Даниэль — слушающий и исполняющий. В понимании Улицкой — один из тех камней, на котором зиждется Церковь, и в то же время отвергнутом. Дело не только в том, что Даниэль посмертно запрещен в служении, но и в том, что миссия его, как он ее понимал, прагматически не была успешна. Дом его не устоял, как если бы был построен на песке.
Улицкая сближает его в этой точке с Иисусом: “Но в некотором смысле и Иисус потерпел поражение <...>. Где новый человек, новая история, новые отношения между людьми?” В контексте общей позиции автора ожидаешь “но” и мистической победы, противопоставленной видимому, хотя и “в некотором смысле”, поражению. И конечно, внятного ответа на этот острый вопрос: “Где?” — чтобы он не выглядел столь вызывающе риторическим. Однако же ничего подобного: “Никакие мои вопросы не разрешились”, а богословские схемы (“ортодоксия”) очередной раз продемонстрировали свою неадекватность.

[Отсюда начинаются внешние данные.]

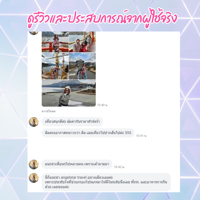 การอ่านรีวิวจากนักท่องเที่ยวคนอื่นๆ จะช่วยให้คุณเห็นภาพการให้บริการของบริษัททัวร์มากขึ้น ลองค้นหาชื่อบริษัทใน Google, Facebook, หรือ Pantip เพื่อดูว่ามีเสียงตอบรับเชิงบวกหรือปัญหาที่ถูกพูดถึงบ่อยๆ การเลือกบริษัทที่ได้รับรีวิวดีต่อเนื่องย่อมสร้างความมั่นใจได้มากกว่าบริษัทที่ไม่มีข้อมูลเลย
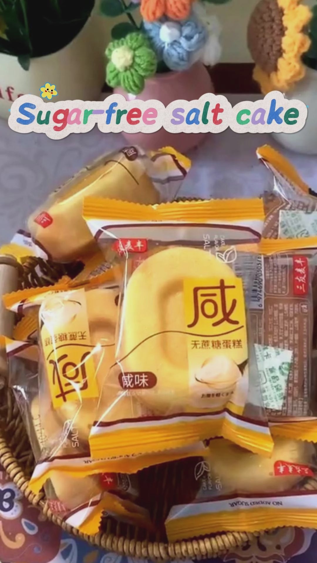 9.1oz/1boxed(Includes 4 packages) Sugar-free Salted Cake,Delicate Sponge Cake with a Subtle Savory Note, No Added Sugar, Light & Satisfying, Perfect for Health-Conscious Snackers, Diabetics, or Low-Carb Diets

Ответов нет, но вопросы сами собой снимаются в личности Даниэля, и посмертно дающей совопроснице внутреннее переживание света (она пишет с большой буквы: “Света”). Переживание, не нуждающееся в богословской рационализации. “Что-то я знаю о победе и поражении, чего прежде не знала. Об их относительности, временности, переменчивости. О нашей полной неспособности определить даже такую простую вещь — кто победил”.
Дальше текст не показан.